The Joy of Museums

Finding Meaning in Art & History

Spitfire LA198

Spitfire, Kelvingrove Museum, Glasgow - DSC06232

“Spitfire LA198” is a Mark 21 Spitfire built in 1944 with a Rolls Royce Griffon 61 engine and a five blade propeller. It flew with the 602 City of Glasgow Squadron between 1947-1949.

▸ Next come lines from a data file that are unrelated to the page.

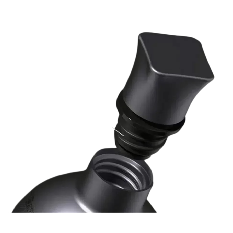 La forma della bottiglia è progettata per una presa comoda e funge anche da accessorio interessante. La superficie con decorazione 3D è visivamente accattivante e distingue la bottiglia termica dai modelli comuni. La finitura nera appare universale e si adatta a diverse situazioni. Il pratico tappo a stantuffo consente una facile chiusura.
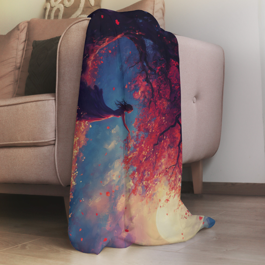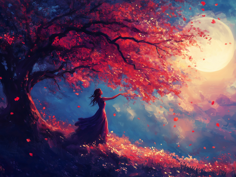 Een dromerige, magische scène waarin een vrouw in een vloeiende paarse jurk onder een prachtige boom met rode bloesems staat. De takken van de boom reiken naar een grote, gloeiende volle maan die de lucht in warme, zachte tinten verlicht. De achtergrond heeft een mix van blauwe en paarse tinten, wat een sprookjesachtige sfeer creëert. De vallende bloesemblaadjes en het mysterieuze lichtspel maken dit kunstwerk betoverend en romantisch.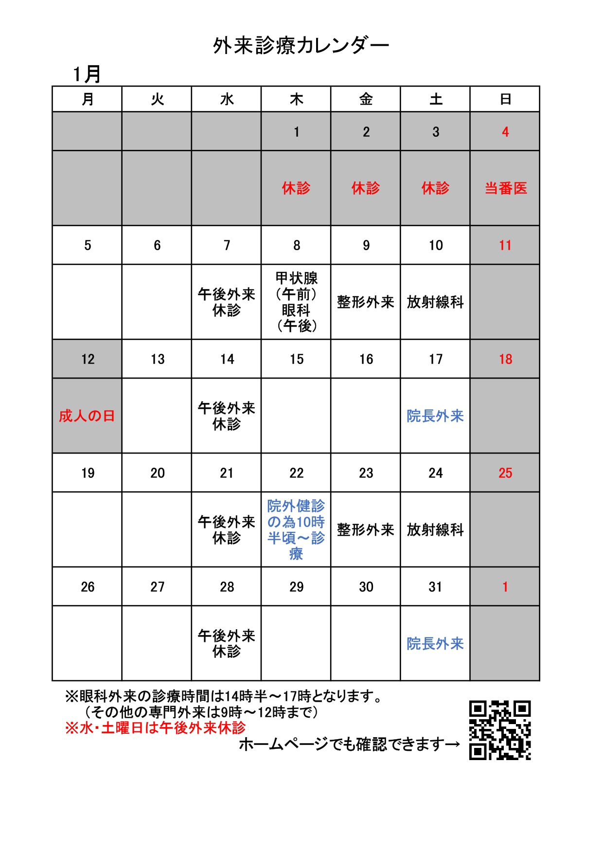 1月専門外来カレンダー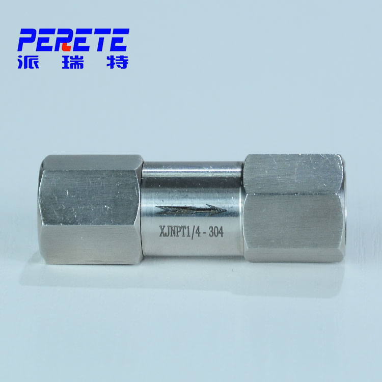 单向阀有直通式和直角式两种。直通式单向阀用螺纹连接安装在管路上。直角式单向阀有螺纹连接、板式连接和法兰连接三种形式。液控单向阀也称闭锁阀或保压阀,它与单向阀相同,用以防止油液反向流动。但在液压回路中需要油流反向流动时又可利用控制油压,打开单向阀,不锈钢高压内螺纹单向阀 304直通式单向阀 液压防腐蚀单向止回阀使油流在两个方向都可流动。液控单向阀采用锥形阀芯,因此密封性能好。在要求封闭油路时,可用此阀作为油路的单向锁紧而起保压作用。液控单向阀控制油的泄漏方式有内泄式和外泄式二种。不锈钢高压内螺纹单向阀 304直通式单向阀 液压防腐蚀单向止回阀在油流反向出口无背压的油路中可用内泄式;否则需用外泄式,以降低控制油压力。
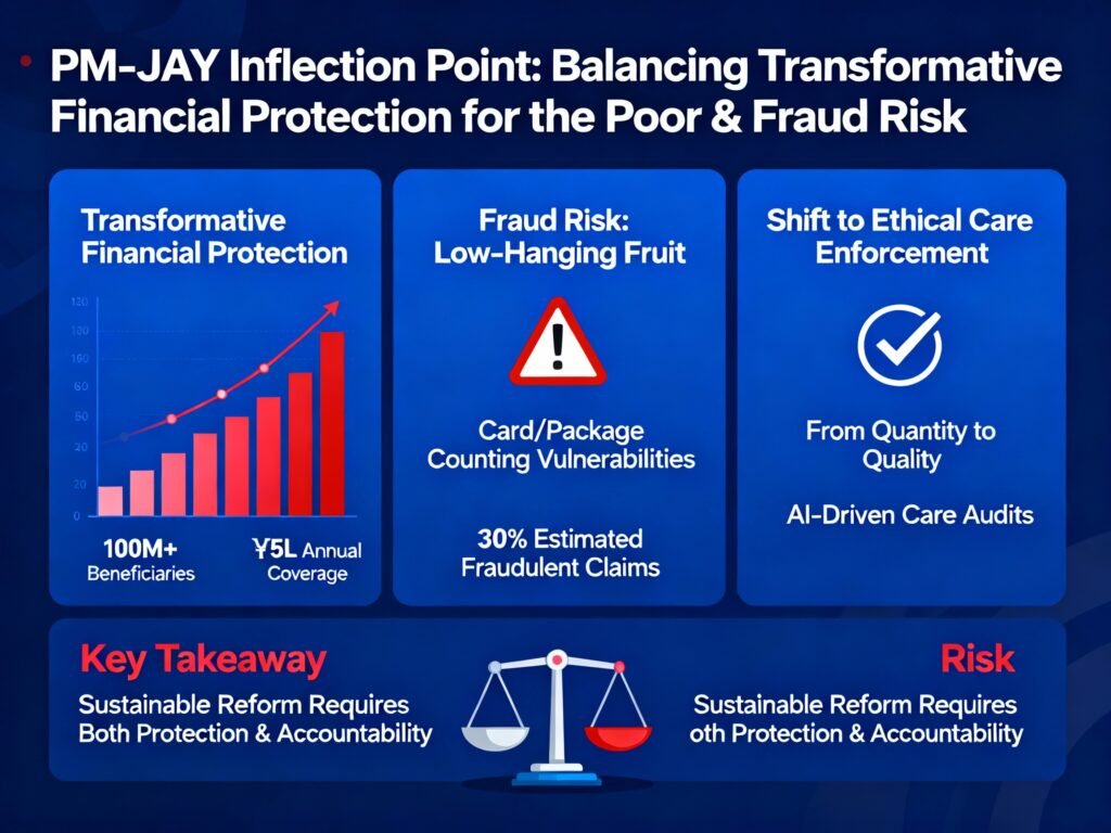 In that sense, PM-JAY is at an inflection point: the same characteristics that make it a transformative financial protection scheme also make it tempting “low‑hanging fruit” for fraud, and the balance will depend on how quickly India can move from counting cards issued and packages used to measuring—and enforcing—appropriate, ethical care.[3][2][1]

The Supermarine Spitfire is a British single-seat fighter aircraft that was used by the Royal Air Force and many other Allied countries during World War II. There were different Spitfire configurations built using different wing configurations. The Spitfire was designed as a short-range, high-performance interceptor aircraft. The Spitfire’s distinctive elliptical wing was designed to have the thinnest possible cross-section, helping give the aircraft a high top speed.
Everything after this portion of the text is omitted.